Haris, thanks, and while I'd buy a part of your explanation I'm still a bit disgusted with an academic advancing the "life is cheap" in poor countries mythology. I spent a year in Korea when income was $350/year and that bought barely rice for most. The manner in which they clung to life and raising their families under extreme duress was, well, humbling to this lower middle class kid.

The risks they "willingly took" were pushed by extreme poverty ie. working in unsafe factories and building modern high rise buildings working barefoot on bamboo "scaffolding" or driving cabs in miserable traffic 16 hours a day.

I guess the part I'd buy is that when life is that brutal a bit of pleasure stands out more, regardless of risk. I've seen that effect in "rich" Alaskan pipeliners or fishermen who had a lot of money but tried to cram too much "living" into their very short breaks.

Your college/non-college example seems more a result of dysfunctional families where the planning and delayed gratification taken for granted in middle class just doesn't exist. I don't know much about African culture but imagine the grinding poverty and hopelessness creates a lot of what we'd call dysfunctional families and a sense of fatalism.
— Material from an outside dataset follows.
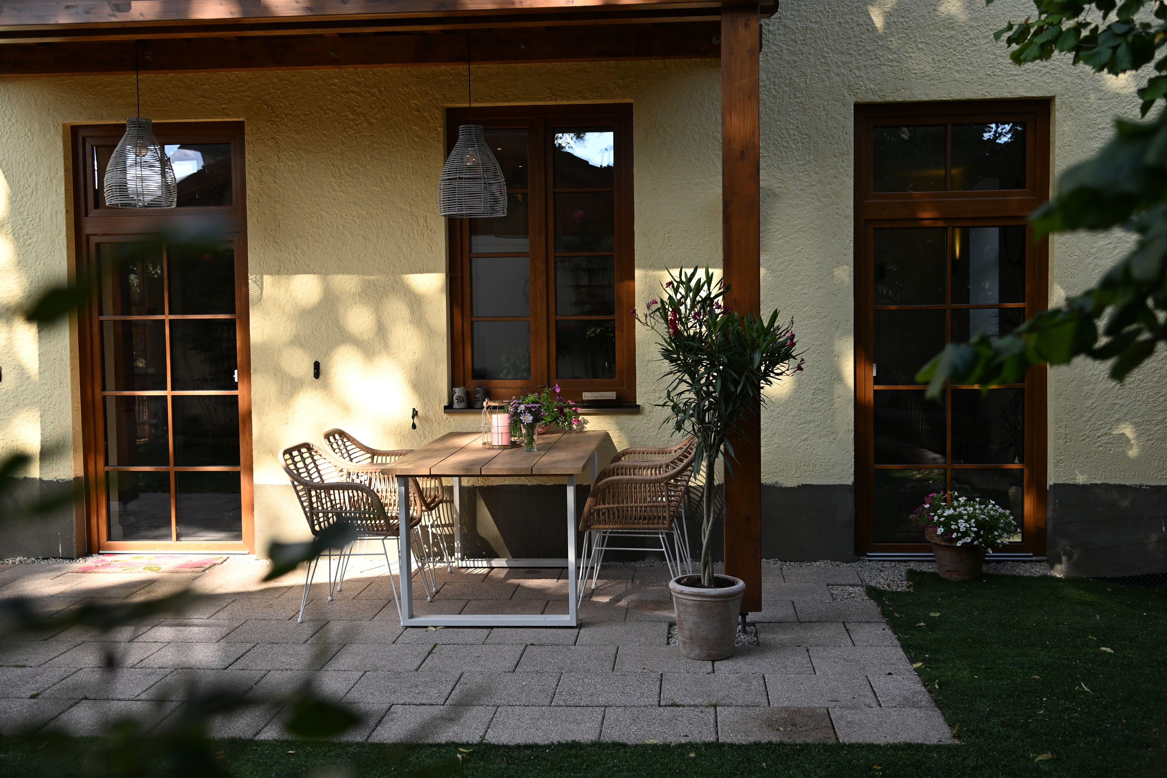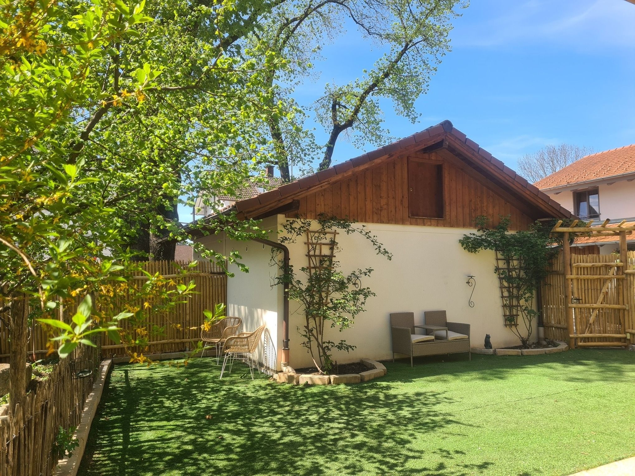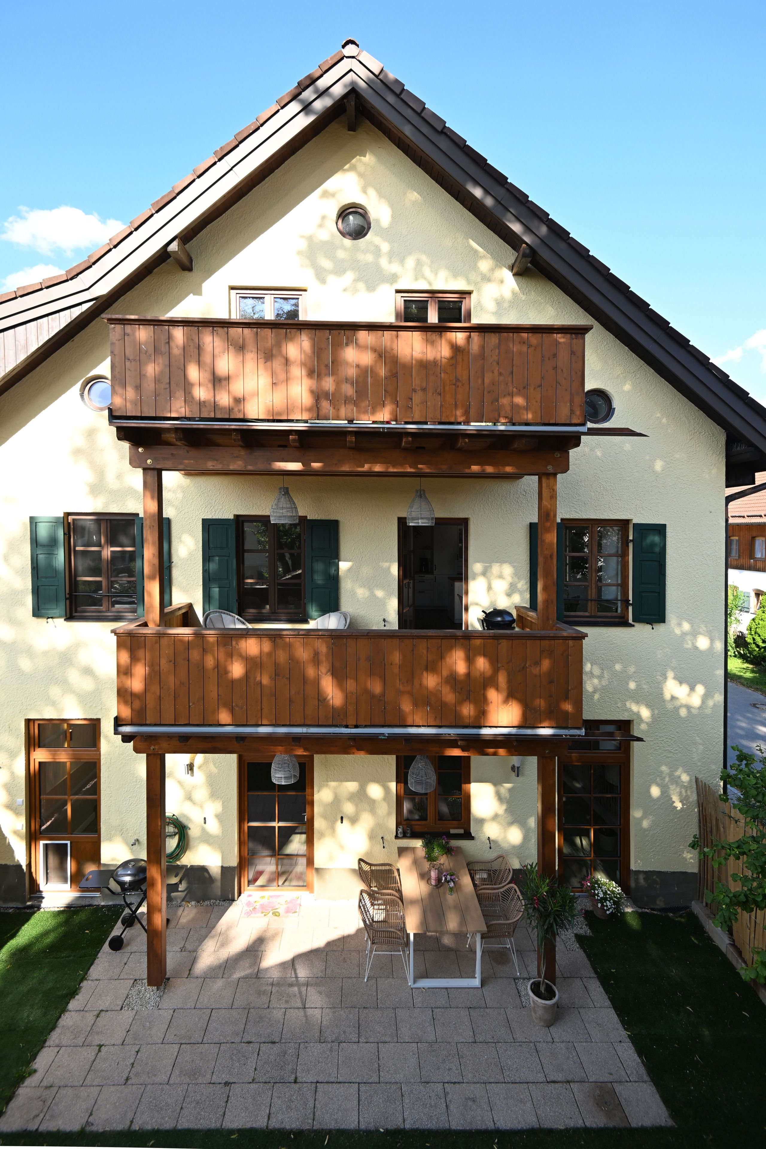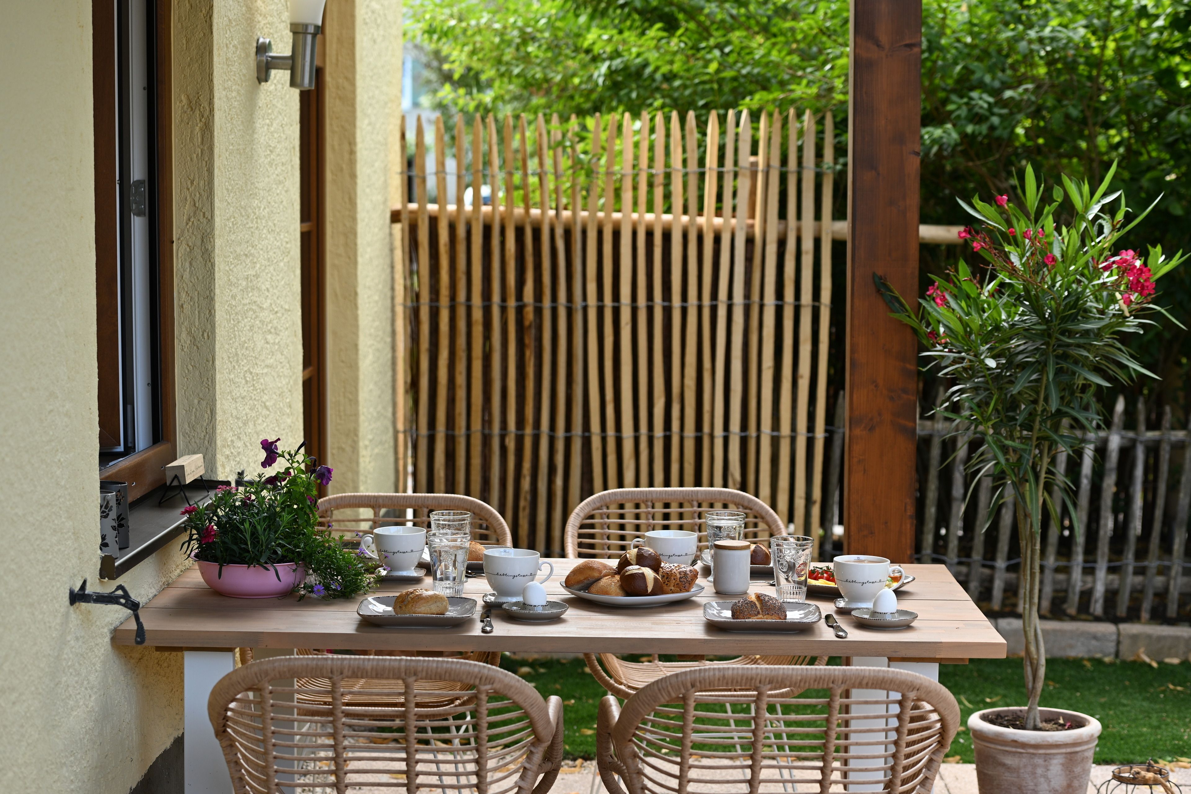 Die Terrasse ist überdacht und beleuchtet und hat einen Elektrogrill für die Sommertage. Der Garten ist rundherum 160 cm hoch eingezäunt, bietet zu 90% Sichtschutz - er ist das Highlight für die Gäste mit Hund denn hier sind auch 2 Hunde herzlich willkommen. Für Hunde und Kinder steht im Sommer ein Kinderplanschbecken oder Hundepool bereit. Der Rasen ist Kunstrasen - Naturrasen hat sich leider nicht gehalten auf der beanspruchten Fläche, aber gerade für die Sommerzeit und die Planschbeckenzeit, aber auch für den Winter ist es ideal da so kaum Dreck in die Wohnung getragen wird.

The South Koreans, I think, achieved their economic miracle because neither Japanese occupation nor having their country divided and flattened destroyed their earlier culture and discipline.

I'd agree with Randall and others here that even w/o the scourge of AIDS Africa would be a tough problem to solve.


Circumcision is clearly not the solution to AIDS in Africa--it is barbaric and costly. Historically it had been used (by the Victorians) as a procedure to control male sexual behavior of all sorts: masturbation, bed wetting, syphilis. Still, it is surprising to me that it comes up as a solution to problems of health care sexual education. There are many books on the subject, one most recently published by the U of Chicago Press by Robert Darby titled "A Surgical Temptation."

Give a man a condom and show him how to use is. Don't cut off his foreskin.

Clearly, from an economic perspective, if the funds used to circumcise African men (roughly $200 per person) were reallocated toward an education campaign for both men and women, the African AIDS epidemic would be reduced significantly.